TASK BRIEF:
Could you copy exactly the lines below, beginning at the line with "7.3.1 Buy Ashford" and stopping after the line with "Matlab vertauscht Terme/Ausdrücke/Variablen", with no pictures?

DATA FOR THE TASK:

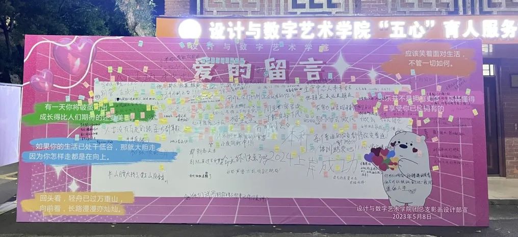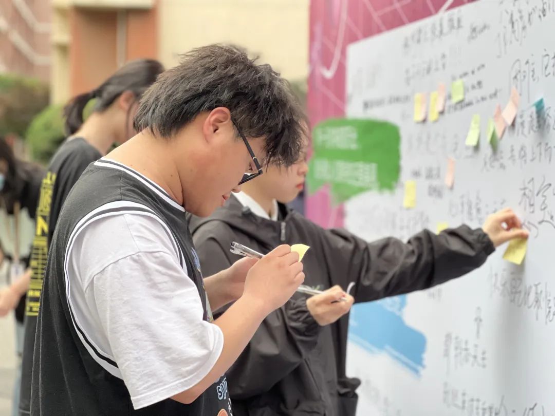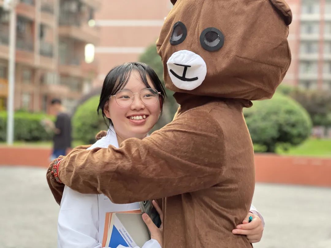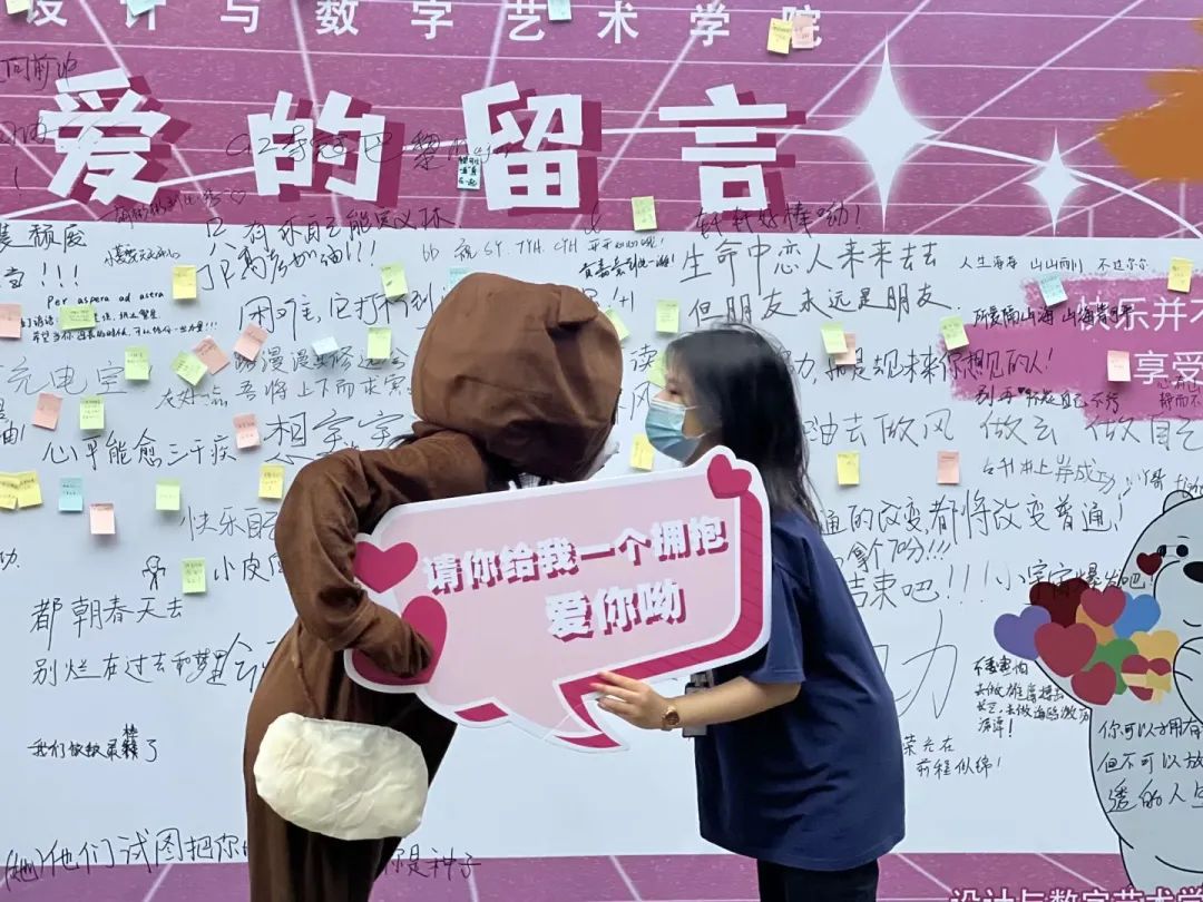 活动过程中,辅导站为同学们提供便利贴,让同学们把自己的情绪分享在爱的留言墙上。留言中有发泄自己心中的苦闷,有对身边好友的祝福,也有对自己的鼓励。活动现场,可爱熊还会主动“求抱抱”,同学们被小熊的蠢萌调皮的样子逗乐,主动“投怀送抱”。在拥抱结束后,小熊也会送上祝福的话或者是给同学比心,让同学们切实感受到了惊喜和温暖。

--

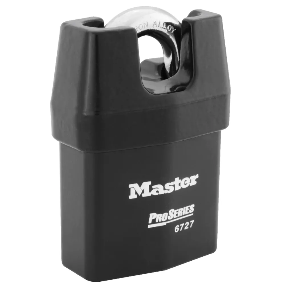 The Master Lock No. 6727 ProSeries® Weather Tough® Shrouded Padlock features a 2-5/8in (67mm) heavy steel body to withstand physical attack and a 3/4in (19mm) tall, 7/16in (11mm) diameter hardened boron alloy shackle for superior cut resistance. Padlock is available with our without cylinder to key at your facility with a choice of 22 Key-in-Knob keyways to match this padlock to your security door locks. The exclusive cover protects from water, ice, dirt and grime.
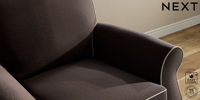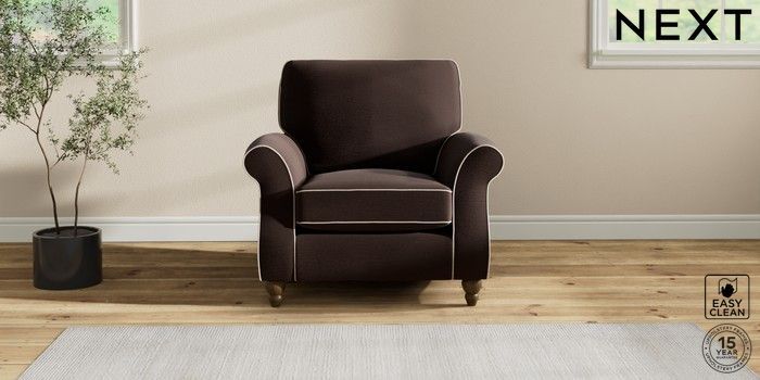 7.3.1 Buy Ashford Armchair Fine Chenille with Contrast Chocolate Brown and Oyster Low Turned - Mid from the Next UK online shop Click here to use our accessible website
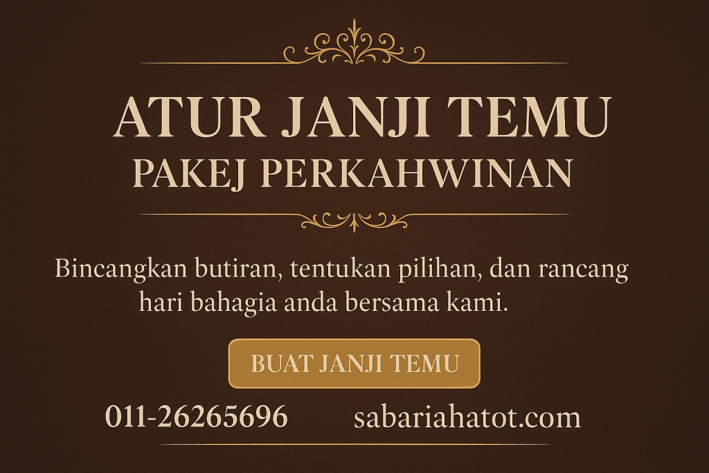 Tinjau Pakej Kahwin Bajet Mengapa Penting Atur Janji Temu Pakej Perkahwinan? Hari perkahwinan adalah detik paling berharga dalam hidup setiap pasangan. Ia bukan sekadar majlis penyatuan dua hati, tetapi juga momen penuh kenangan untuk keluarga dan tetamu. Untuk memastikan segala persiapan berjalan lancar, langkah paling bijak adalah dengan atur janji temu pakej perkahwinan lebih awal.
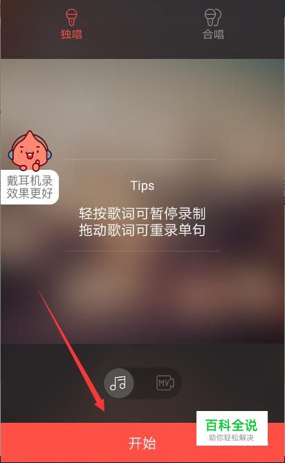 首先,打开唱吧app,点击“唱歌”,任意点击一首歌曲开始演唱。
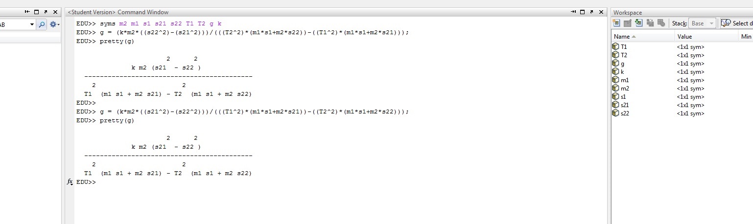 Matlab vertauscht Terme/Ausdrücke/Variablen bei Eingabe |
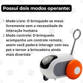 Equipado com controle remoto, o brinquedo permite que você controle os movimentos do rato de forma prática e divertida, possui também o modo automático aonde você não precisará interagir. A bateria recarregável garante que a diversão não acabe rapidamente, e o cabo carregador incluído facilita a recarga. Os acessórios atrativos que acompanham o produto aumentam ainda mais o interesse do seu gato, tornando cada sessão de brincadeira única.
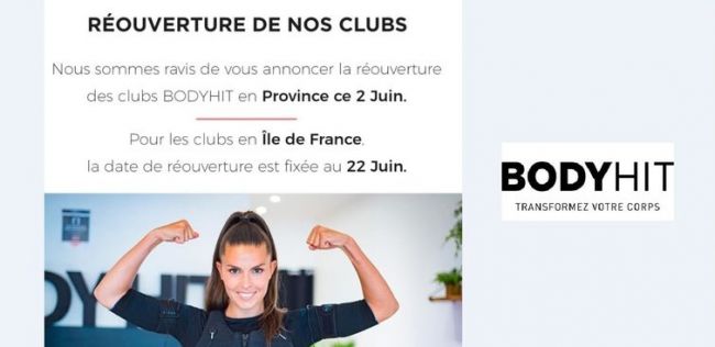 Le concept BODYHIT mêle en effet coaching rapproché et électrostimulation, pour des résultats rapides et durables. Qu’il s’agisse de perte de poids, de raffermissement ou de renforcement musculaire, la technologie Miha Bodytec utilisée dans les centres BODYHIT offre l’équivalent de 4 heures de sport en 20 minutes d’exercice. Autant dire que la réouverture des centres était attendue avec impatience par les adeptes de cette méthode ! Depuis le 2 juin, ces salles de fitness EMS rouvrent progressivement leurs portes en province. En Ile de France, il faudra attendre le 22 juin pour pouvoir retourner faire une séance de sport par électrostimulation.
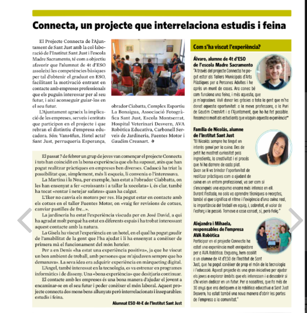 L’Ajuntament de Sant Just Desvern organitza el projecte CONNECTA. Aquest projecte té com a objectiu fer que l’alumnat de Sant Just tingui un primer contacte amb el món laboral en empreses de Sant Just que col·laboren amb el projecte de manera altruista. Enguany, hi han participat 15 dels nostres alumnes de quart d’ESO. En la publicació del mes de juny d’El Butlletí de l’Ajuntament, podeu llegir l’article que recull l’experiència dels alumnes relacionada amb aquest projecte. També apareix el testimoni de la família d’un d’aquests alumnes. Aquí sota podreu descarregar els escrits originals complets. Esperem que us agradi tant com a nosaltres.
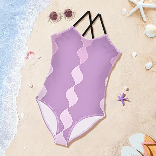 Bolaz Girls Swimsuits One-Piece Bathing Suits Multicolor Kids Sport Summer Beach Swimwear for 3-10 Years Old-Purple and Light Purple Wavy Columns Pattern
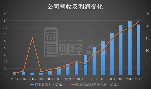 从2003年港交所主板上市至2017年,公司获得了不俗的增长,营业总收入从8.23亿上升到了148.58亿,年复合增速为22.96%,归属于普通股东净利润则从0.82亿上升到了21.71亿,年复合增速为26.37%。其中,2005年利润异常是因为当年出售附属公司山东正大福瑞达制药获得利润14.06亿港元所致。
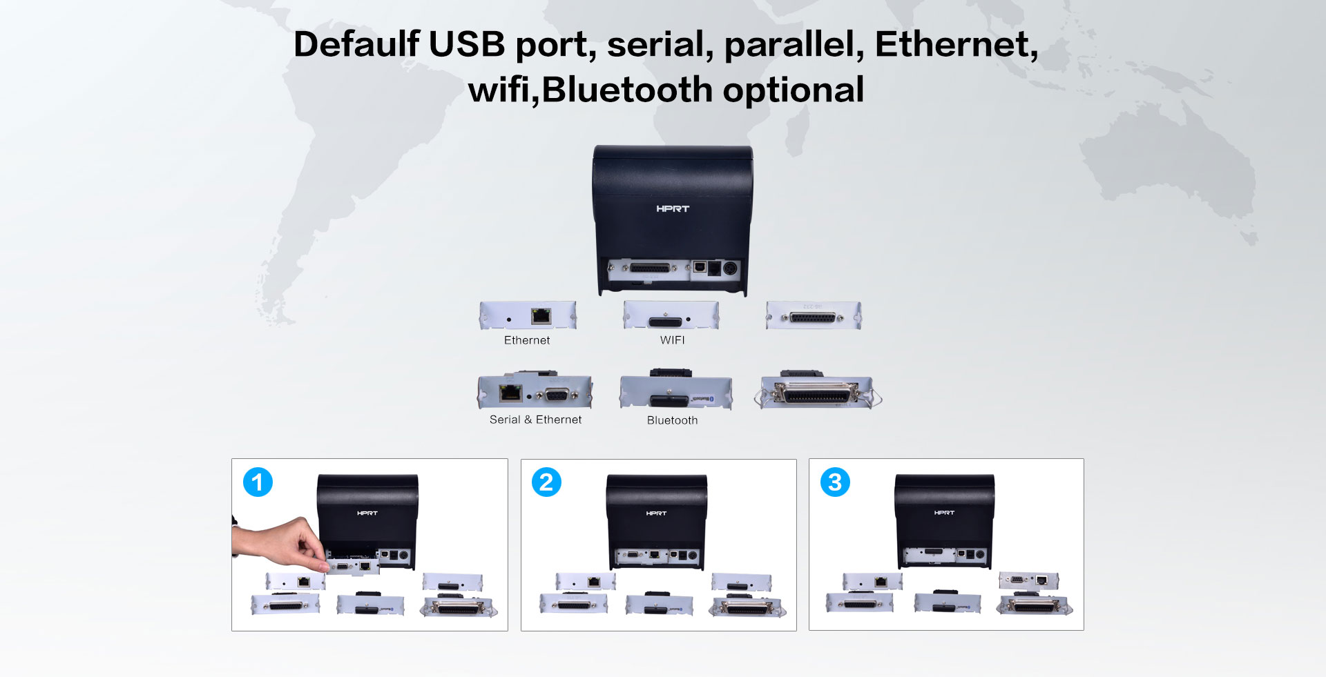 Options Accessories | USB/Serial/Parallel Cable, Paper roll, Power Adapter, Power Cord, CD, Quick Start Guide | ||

WRITTEN SOLUTION:
 7.3.1 Buy Ashford Armchair Fine Chenille with Contrast Chocolate Brown and Oyster Low Turned - Mid from the Next UK online shop Click here to use our accessible website
 Tinjau Pakej Kahwin Bajet Mengapa Penting Atur Janji Temu Pakej Perkahwinan? Hari perkahwinan adalah detik paling berharga dalam hidup setiap pasangan. Ia bukan sekadar majlis penyatuan dua hati, tetapi juga momen penuh kenangan untuk keluarga dan tetamu. Untuk memastikan segala persiapan berjalan lancar, langkah paling bijak adalah dengan atur janji temu pakej perkahwinan lebih awal.
 首先,打开唱吧app,点击“唱歌”,任意点击一首歌曲开始演唱。
 Matlab vertauscht Terme/Ausdrücke/Variablen bei Eingabe |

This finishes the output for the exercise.